Exercise requirements ▸
Could you give the data below again, exactly and completely?

::: Data to use :::

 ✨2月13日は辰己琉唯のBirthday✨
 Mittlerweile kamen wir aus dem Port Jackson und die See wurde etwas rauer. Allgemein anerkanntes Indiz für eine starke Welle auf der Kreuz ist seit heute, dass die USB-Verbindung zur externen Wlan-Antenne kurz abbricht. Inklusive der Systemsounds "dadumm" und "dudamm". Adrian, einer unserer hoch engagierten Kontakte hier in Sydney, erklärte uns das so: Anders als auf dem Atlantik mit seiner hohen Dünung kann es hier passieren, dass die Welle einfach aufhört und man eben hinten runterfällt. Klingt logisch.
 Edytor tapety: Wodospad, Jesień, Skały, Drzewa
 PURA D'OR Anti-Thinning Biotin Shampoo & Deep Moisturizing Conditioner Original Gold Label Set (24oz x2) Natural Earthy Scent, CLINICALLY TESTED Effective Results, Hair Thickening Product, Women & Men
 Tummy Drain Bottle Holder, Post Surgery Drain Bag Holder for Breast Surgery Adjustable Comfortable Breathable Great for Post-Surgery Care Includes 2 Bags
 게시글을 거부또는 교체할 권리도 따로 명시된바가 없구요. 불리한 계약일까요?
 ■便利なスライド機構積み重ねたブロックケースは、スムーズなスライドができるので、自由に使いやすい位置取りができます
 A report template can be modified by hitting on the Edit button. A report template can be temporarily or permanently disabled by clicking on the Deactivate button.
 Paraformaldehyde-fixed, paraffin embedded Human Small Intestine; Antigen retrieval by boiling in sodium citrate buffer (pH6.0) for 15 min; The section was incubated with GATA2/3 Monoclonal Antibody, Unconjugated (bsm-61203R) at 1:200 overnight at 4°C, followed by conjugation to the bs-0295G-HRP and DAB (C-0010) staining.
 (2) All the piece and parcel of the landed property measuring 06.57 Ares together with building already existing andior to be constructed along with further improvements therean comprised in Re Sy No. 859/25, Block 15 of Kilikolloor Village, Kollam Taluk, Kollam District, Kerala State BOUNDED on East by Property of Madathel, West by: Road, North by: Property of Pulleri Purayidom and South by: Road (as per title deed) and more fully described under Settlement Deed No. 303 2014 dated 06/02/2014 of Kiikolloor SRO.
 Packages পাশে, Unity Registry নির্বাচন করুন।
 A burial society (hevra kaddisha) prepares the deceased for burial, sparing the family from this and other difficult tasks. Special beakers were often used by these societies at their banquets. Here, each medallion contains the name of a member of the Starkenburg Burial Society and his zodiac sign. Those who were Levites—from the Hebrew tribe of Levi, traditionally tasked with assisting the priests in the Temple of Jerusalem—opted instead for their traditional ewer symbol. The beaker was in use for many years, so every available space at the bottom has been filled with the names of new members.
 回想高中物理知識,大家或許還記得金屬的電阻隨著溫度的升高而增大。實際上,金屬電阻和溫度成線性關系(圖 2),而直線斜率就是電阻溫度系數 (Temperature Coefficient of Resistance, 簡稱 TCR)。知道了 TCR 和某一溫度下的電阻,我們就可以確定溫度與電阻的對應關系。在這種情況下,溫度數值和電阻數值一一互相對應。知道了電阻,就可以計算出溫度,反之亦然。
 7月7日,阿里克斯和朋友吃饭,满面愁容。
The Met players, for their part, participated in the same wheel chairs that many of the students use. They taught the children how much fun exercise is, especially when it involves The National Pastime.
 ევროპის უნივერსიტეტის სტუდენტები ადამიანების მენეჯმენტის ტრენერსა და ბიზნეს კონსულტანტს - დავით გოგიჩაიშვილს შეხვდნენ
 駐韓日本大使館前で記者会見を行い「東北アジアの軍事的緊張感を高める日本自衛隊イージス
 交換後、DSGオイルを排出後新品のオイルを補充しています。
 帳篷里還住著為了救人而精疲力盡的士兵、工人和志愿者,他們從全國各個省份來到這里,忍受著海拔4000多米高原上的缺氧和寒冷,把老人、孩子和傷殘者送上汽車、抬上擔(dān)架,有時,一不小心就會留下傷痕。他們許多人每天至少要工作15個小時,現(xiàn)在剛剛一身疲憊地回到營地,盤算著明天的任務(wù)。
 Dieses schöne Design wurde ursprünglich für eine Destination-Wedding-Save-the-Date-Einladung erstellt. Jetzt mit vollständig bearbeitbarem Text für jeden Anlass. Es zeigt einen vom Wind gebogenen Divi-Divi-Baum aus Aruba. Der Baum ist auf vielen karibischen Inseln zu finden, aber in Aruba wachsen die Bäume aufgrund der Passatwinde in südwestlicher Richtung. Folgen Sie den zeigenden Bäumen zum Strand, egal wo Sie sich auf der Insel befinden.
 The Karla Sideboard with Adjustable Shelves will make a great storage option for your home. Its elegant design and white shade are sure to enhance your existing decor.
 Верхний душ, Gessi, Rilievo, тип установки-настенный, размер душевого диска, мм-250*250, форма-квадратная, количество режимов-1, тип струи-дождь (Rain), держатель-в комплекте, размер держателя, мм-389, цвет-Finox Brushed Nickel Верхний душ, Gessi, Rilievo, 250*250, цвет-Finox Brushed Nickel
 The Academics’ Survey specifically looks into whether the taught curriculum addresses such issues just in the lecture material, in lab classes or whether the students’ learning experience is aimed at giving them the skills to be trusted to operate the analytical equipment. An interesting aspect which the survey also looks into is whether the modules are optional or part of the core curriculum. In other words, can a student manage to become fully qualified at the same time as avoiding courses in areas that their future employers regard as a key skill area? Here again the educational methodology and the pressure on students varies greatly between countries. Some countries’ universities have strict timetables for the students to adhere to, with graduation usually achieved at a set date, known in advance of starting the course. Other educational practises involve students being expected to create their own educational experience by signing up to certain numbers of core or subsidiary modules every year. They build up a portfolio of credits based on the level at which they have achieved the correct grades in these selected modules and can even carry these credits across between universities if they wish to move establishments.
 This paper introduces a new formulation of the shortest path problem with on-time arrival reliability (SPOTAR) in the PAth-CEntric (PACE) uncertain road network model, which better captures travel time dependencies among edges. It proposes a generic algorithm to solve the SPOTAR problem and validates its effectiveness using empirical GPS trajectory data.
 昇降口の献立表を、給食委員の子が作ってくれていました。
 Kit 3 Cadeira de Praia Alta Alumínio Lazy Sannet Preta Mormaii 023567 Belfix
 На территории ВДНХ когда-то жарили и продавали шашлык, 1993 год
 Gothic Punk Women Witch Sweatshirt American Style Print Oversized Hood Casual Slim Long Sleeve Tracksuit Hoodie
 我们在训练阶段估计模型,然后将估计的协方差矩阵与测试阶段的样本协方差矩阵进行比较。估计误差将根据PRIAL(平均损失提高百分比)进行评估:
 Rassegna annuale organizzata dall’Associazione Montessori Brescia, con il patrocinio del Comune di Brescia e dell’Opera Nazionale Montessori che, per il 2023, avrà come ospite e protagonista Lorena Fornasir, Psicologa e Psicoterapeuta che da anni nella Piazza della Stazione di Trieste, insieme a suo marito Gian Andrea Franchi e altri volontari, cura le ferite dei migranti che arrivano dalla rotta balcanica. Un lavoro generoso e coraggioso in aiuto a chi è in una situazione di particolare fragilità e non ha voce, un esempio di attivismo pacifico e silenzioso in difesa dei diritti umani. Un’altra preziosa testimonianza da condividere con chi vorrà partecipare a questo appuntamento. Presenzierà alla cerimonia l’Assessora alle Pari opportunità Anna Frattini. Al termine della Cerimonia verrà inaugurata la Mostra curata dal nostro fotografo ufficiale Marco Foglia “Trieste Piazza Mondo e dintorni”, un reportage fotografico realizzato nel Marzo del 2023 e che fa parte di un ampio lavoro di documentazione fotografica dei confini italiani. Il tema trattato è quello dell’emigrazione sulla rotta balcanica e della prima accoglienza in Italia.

:::

Written answer ▸
 ✨2月13日は辰己琉唯のBirthday✨
 Mittlerweile kamen wir aus dem Port Jackson und die See wurde etwas rauer. Allgemein anerkanntes Indiz für eine starke Welle auf der Kreuz ist seit heute, dass die USB-Verbindung zur externen Wlan-Antenne kurz abbricht. Inklusive der Systemsounds "dadumm" und "dudamm". Adrian, einer unserer hoch engagierten Kontakte hier in Sydney, erklärte uns das so: Anders als auf dem Atlantik mit seiner hohen Dünung kann es hier passieren, dass die Welle einfach aufhört und man eben hinten runterfällt. Klingt logisch.
 Edytor tapety: Wodospad, Jesień, Skały, Drzewa
 PURA D'OR Anti-Thinning Biotin Shampoo & Deep Moisturizing Conditioner Original Gold Label Set (24oz x2) Natural Earthy Scent, CLINICALLY TESTED Effective Results, Hair Thickening Product, Women & Men
 Tummy Drain Bottle Holder, Post Surgery Drain Bag Holder for Breast Surgery Adjustable Comfortable Breathable Great for Post-Surgery Care Includes 2 Bags
 게시글을 거부또는 교체할 권리도 따로 명시된바가 없구요. 불리한 계약일까요?
 ■便利なスライド機構積み重ねたブロックケースは、スムーズなスライドができるので、自由に使いやすい位置取りができます
 A report template can be modified by hitting on the Edit button. A report template can be temporarily or permanently disabled by clicking on the Deactivate button.
 Paraformaldehyde-fixed, paraffin embedded Human Small Intestine; Antigen retrieval by boiling in sodium citrate buffer (pH6.0) for 15 min; The section was incubated with GATA2/3 Monoclonal Antibody, Unconjugated (bsm-61203R) at 1:200 overnight at 4°C, followed by conjugation to the bs-0295G-HRP and DAB (C-0010) staining.
 (2) All the piece and parcel of the landed property measuring 06.57 Ares together with building already existing andior to be constructed along with further improvements therean comprised in Re Sy No. 859/25, Block 15 of Kilikolloor Village, Kollam Taluk, Kollam District, Kerala State BOUNDED on East by Property of Madathel, West by: Road, North by: Property of Pulleri Purayidom and South by: Road (as per title deed) and more fully described under Settlement Deed No. 303 2014 dated 06/02/2014 of Kiikolloor SRO.
 Packages পাশে, Unity Registry নির্বাচন করুন।
 A burial society (hevra kaddisha) prepares the deceased for burial, sparing the family from this and other difficult tasks. Special beakers were often used by these societies at their banquets. Here, each medallion contains the name of a member of the Starkenburg Burial Society and his zodiac sign. Those who were Levites—from the Hebrew tribe of Levi, traditionally tasked with assisting the priests in the Temple of Jerusalem—opted instead for their traditional ewer symbol. The beaker was in use for many years, so every available space at the bottom has been filled with the names of new members.
 回想高中物理知識,大家或許還記得金屬的電阻隨著溫度的升高而增大。實際上,金屬電阻和溫度成線性關系(圖 2),而直線斜率就是電阻溫度系數 (Temperature Coefficient of Resistance, 簡稱 TCR)。知道了 TCR 和某一溫度下的電阻,我們就可以確定溫度與電阻的對應關系。在這種情況下,溫度數值和電阻數值一一互相對應。知道了電阻,就可以計算出溫度,反之亦然。
 7月7日,阿里克斯和朋友吃饭,满面愁容。
The Met players, for their part, participated in the same wheel chairs that many of the students use. They taught the children how much fun exercise is, especially when it involves The National Pastime.
 ევროპის უნივერსიტეტის სტუდენტები ადამიანების მენეჯმენტის ტრენერსა და ბიზნეს კონსულტანტს - დავით გოგიჩაიშვილს შეხვდნენ
 駐韓日本大使館前で記者会見を行い「東北アジアの軍事的緊張感を高める日本自衛隊イージス
 交換後、DSGオイルを排出後新品のオイルを補充しています。
 帳篷里還住著為了救人而精疲力盡的士兵、工人和志愿者,他們從全國各個省份來到這里,忍受著海拔4000多米高原上的缺氧和寒冷,把老人、孩子和傷殘者送上汽車、抬上擔(dān)架,有時,一不小心就會留下傷痕。他們許多人每天至少要工作15個小時,現(xiàn)在剛剛一身疲憊地回到營地,盤算著明天的任務(wù)。
 Dieses schöne Design wurde ursprünglich für eine Destination-Wedding-Save-the-Date-Einladung erstellt. Jetzt mit vollständig bearbeitbarem Text für jeden Anlass. Es zeigt einen vom Wind gebogenen Divi-Divi-Baum aus Aruba. Der Baum ist auf vielen karibischen Inseln zu finden, aber in Aruba wachsen die Bäume aufgrund der Passatwinde in südwestlicher Richtung. Folgen Sie den zeigenden Bäumen zum Strand, egal wo Sie sich auf der Insel befinden.
 The Karla Sideboard with Adjustable Shelves will make a great storage option for your home. Its elegant design and white shade are sure to enhance your existing decor.
 Верхний душ, Gessi, Rilievo, тип установки-настенный, размер душевого диска, мм-250*250, форма-квадратная, количество режимов-1, тип струи-дождь (Rain), держатель-в комплекте, размер держателя, мм-389, цвет-Finox Brushed Nickel Верхний душ, Gessi, Rilievo, 250*250, цвет-Finox Brushed Nickel
 The Academics’ Survey specifically looks into whether the taught curriculum addresses such issues just in the lecture material, in lab classes or whether the students’ learning experience is aimed at giving them the skills to be trusted to operate the analytical equipment. An interesting aspect which the survey also looks into is whether the modules are optional or part of the core curriculum. In other words, can a student manage to become fully qualified at the same time as avoiding courses in areas that their future employers regard as a key skill area? Here again the educational methodology and the pressure on students varies greatly between countries. Some countries’ universities have strict timetables for the students to adhere to, with graduation usually achieved at a set date, known in advance of starting the course. Other educational practises involve students being expected to create their own educational experience by signing up to certain numbers of core or subsidiary modules every year. They build up a portfolio of credits based on the level at which they have achieved the correct grades in these selected modules and can even carry these credits across between universities if they wish to move establishments.
 This paper introduces a new formulation of the shortest path problem with on-time arrival reliability (SPOTAR) in the PAth-CEntric (PACE) uncertain road network model, which better captures travel time dependencies among edges. It proposes a generic algorithm to solve the SPOTAR problem and validates its effectiveness using empirical GPS trajectory data.
 昇降口の献立表を、給食委員の子が作ってくれていました。
 Kit 3 Cadeira de Praia Alta Alumínio Lazy Sannet Preta Mormaii 023567 Belfix
 На территории ВДНХ когда-то жарили и продавали шашлык, 1993 год
 Gothic Punk Women Witch Sweatshirt American Style Print Oversized Hood Casual Slim Long Sleeve Tracksuit Hoodie
 我们在训练阶段估计模型,然后将估计的协方差矩阵与测试阶段的样本协方差矩阵进行比较。估计误差将根据PRIAL(平均损失提高百分比)进行评估:
 Rassegna annuale organizzata dall’Associazione Montessori Brescia, con il patrocinio del Comune di Brescia e dell’Opera Nazionale Montessori che, per il 2023, avrà come ospite e protagonista Lorena Fornasir, Psicologa e Psicoterapeuta che da anni nella Piazza della Stazione di Trieste, insieme a suo marito Gian Andrea Franchi e altri volontari, cura le ferite dei migranti che arrivano dalla rotta balcanica. Un lavoro generoso e coraggioso in aiuto a chi è in una situazione di particolare fragilità e non ha voce, un esempio di attivismo pacifico e silenzioso in difesa dei diritti umani. Un’altra preziosa testimonianza da condividere con chi vorrà partecipare a questo appuntamento. Presenzierà alla cerimonia l’Assessora alle Pari opportunità Anna Frattini. Al termine della Cerimonia verrà inaugurata la Mostra curata dal nostro fotografo ufficiale Marco Foglia “Trieste Piazza Mondo e dintorni”, un reportage fotografico realizzato nel Marzo del 2023 e che fa parte di un ampio lavoro di documentazione fotografica dei confini italiani. Il tema trattato è quello dell’emigrazione sulla rotta balcanica e della prima accoglienza in Italia.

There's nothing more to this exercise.